# Data excerpt
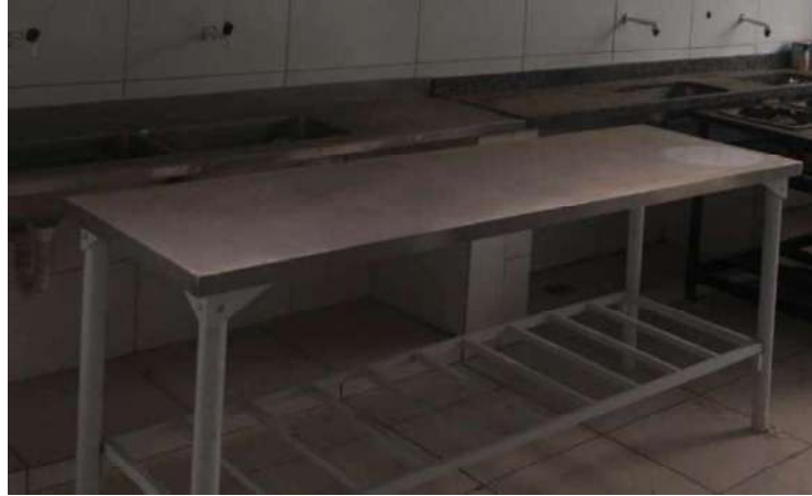
10 - MESA DE METAL
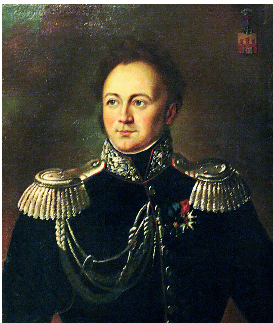
Gen. Ignacy Prądzyński – twórca planu „wyprawy na gwardie”

190 lat temu Serock odegrał ważną rolę w powstaniu listopadowym, a właściwie w jego drugiej części – wojnie polsko-rosyjskiej 1831 roku. W mieście i okolicach zgromadziło się kilkadziesiąt tysięcy polskich żołnierzy, którzy pomaszzerowali pod Ostrołkę, gdzie 26 maja 1831 r. odbyła się wielka bitwa z Rosjanami.

# Description of the task
The pictures stay out; copy the rest of the data word for word.

# Written solution
10 - MESA DE METAL
Gen. Ignacy Prądzyński – twórca planu „wyprawy na gwardie”

190 lat temu Serock odegrał ważną rolę w powstaniu listopadowym, a właściwie w jego drugiej części – wojnie polsko-rosyjskiej 1831 roku. W mieście i okolicach zgromadziło się kilkadziesiąt tysięcy polskich żołnierzy, którzy pomaszzerowali pod Ostrołkę, gdzie 26 maja 1831 r. odbyła się wielka bitwa z Rosjanami.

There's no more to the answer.